**Exercise:** Retype exactly the span of lines below from the one with "#beauty #cleavage #closeup" through the one with "- The share". Do not include pictures.

**Information supplied:**
:::

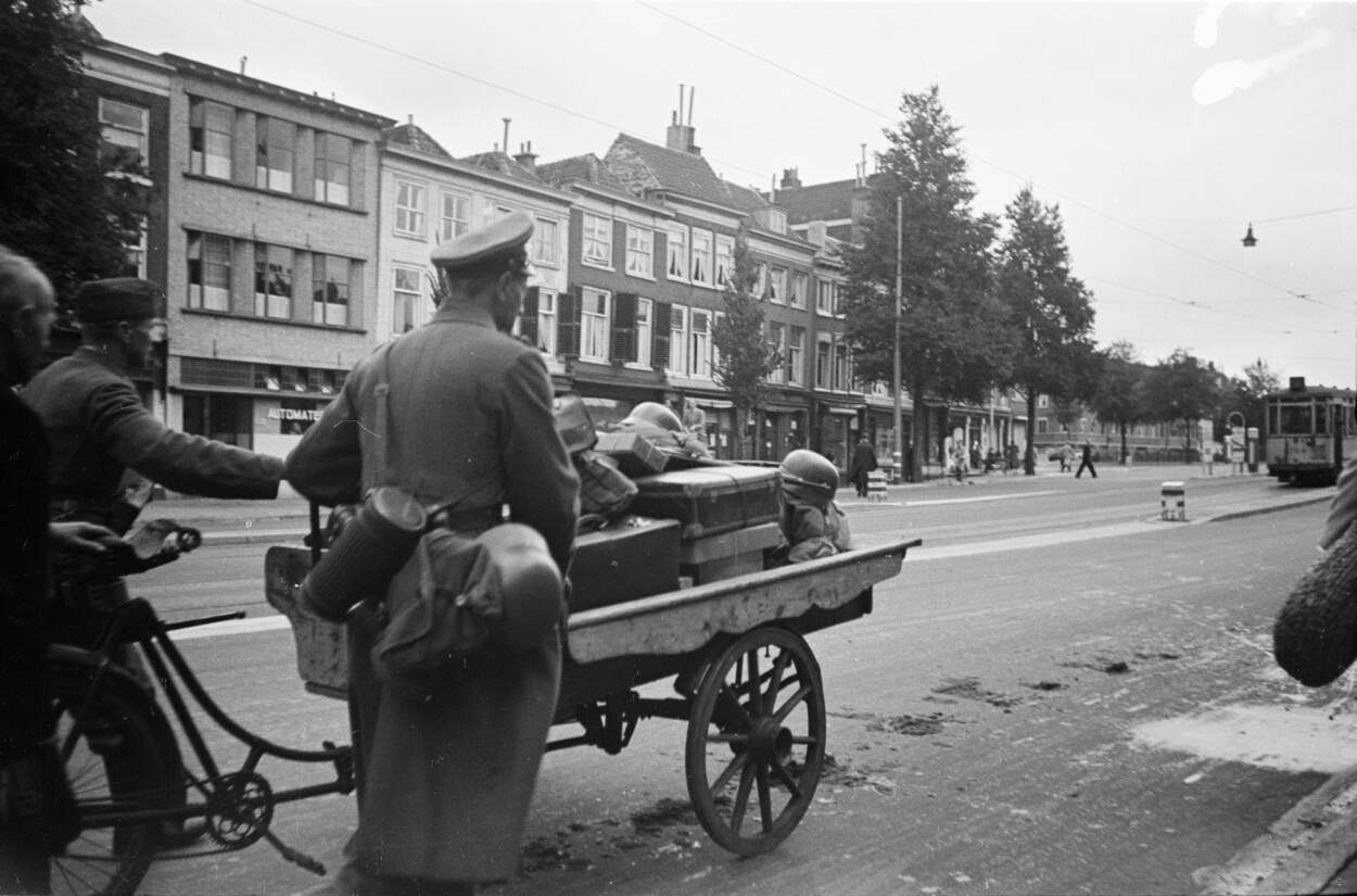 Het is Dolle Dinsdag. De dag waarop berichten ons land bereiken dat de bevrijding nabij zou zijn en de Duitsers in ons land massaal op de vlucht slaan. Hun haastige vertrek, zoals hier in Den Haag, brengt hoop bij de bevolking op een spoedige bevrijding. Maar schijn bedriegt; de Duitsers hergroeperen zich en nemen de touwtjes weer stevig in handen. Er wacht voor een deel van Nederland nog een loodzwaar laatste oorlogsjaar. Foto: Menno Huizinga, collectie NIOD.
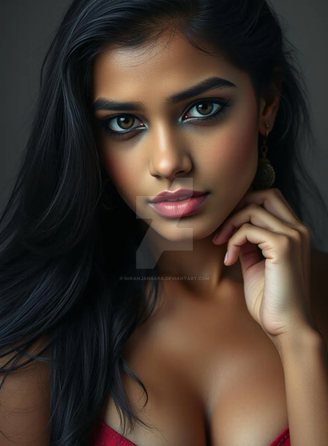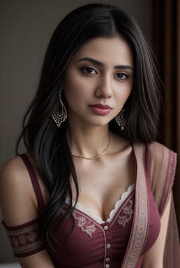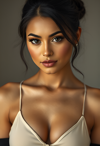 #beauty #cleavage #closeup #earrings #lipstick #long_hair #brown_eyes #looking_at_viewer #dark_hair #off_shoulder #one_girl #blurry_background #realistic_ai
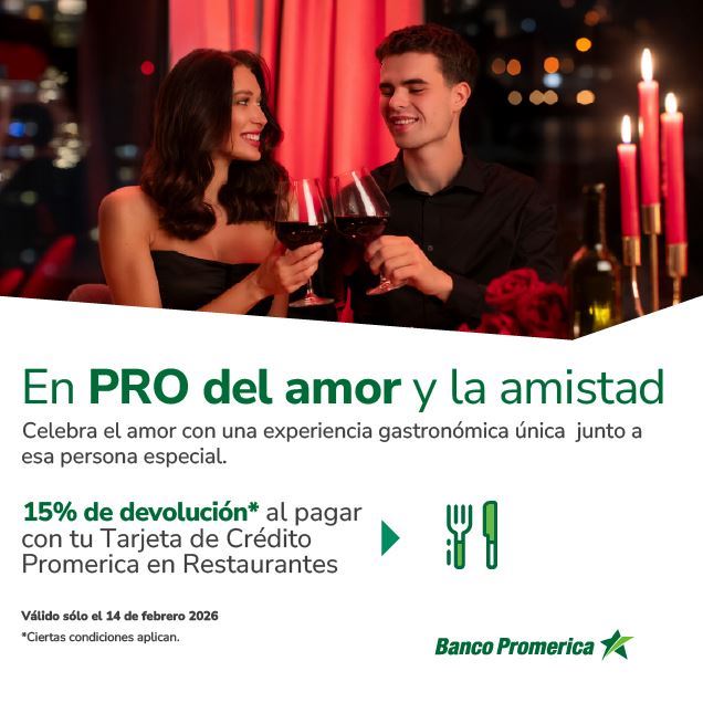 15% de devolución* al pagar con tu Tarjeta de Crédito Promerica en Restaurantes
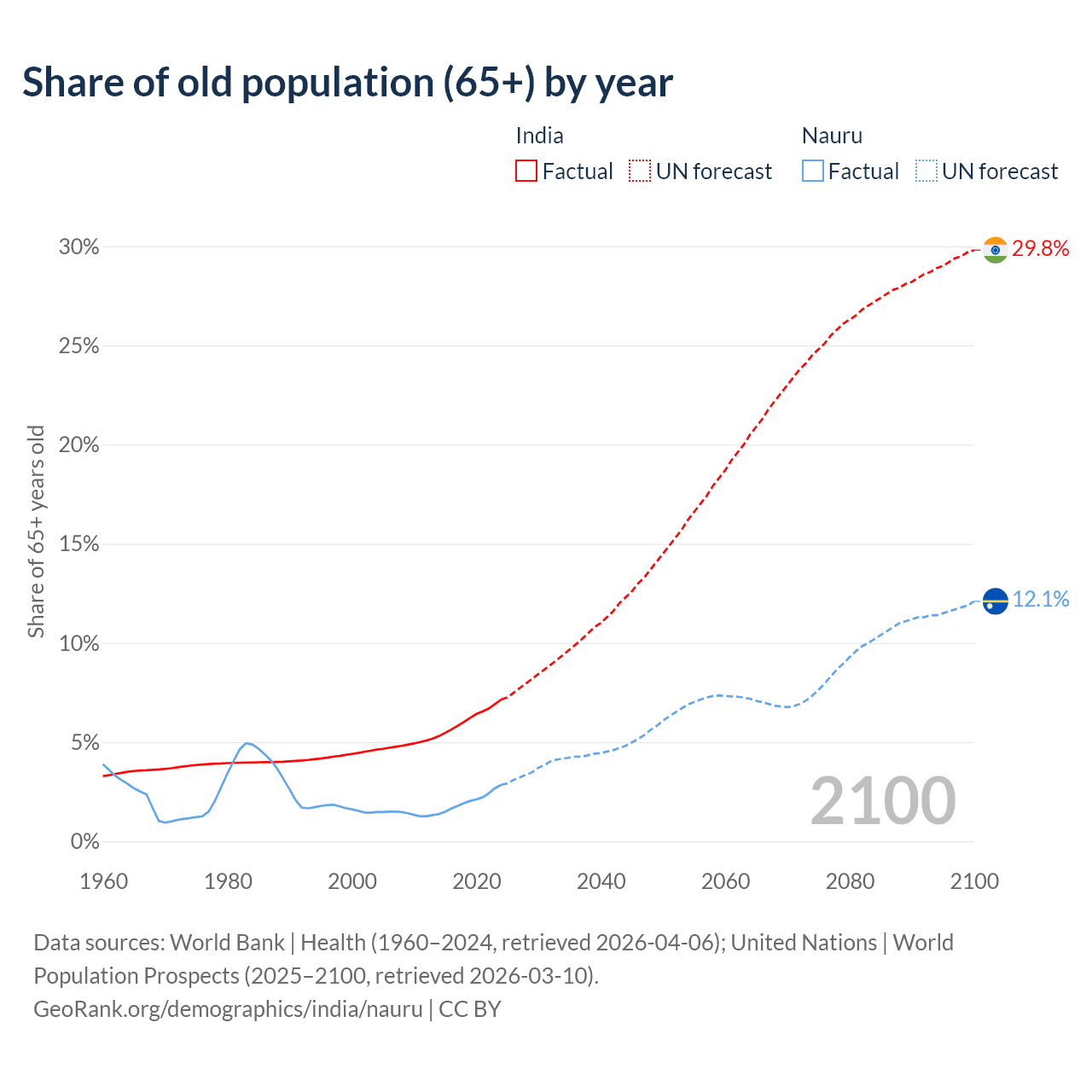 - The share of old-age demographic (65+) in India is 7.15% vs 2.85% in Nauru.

:::

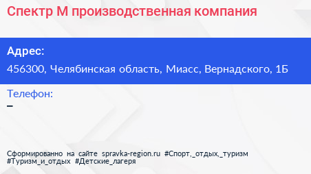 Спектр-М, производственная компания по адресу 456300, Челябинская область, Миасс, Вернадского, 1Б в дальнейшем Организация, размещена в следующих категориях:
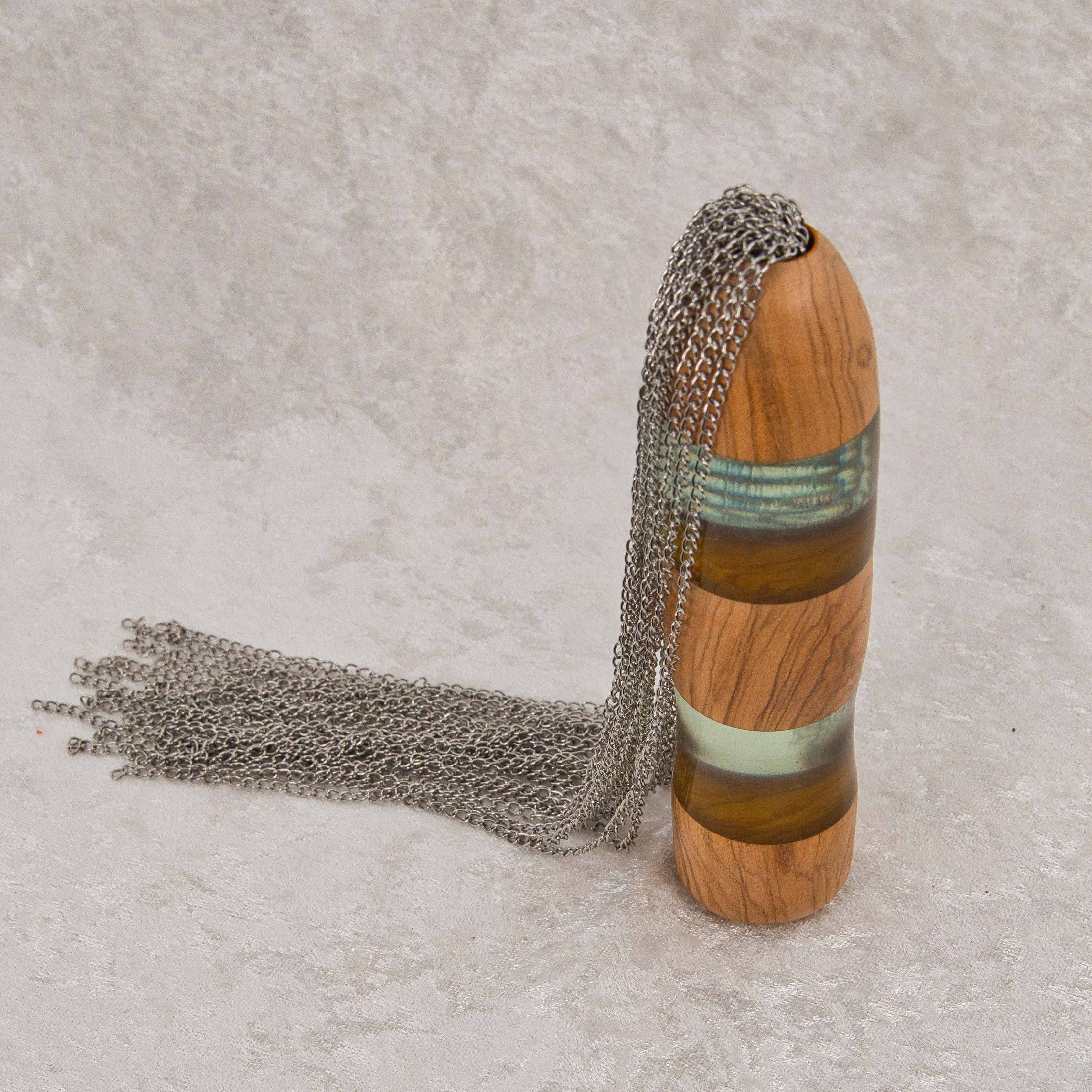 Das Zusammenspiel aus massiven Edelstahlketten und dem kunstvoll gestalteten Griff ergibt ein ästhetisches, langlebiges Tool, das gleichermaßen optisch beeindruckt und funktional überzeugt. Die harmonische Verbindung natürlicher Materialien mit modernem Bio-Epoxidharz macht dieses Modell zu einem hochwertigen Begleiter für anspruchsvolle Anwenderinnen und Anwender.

:::

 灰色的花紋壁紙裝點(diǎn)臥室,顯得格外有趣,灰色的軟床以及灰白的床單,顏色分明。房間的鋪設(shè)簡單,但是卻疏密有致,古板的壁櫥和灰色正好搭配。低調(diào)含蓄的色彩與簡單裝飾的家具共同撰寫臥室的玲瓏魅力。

:::

**Output for this exercise:**
 #beauty #cleavage #closeup #earrings #lipstick #long_hair #brown_eyes #looking_at_viewer #dark_hair #off_shoulder #one_girl #blurry_background #realistic_ai
 15% de devolución* al pagar con tu Tarjeta de Crédito Promerica en Restaurantes
 - The share of old-age demographic (65+) in India is 7.15% vs 2.85% in Nauru.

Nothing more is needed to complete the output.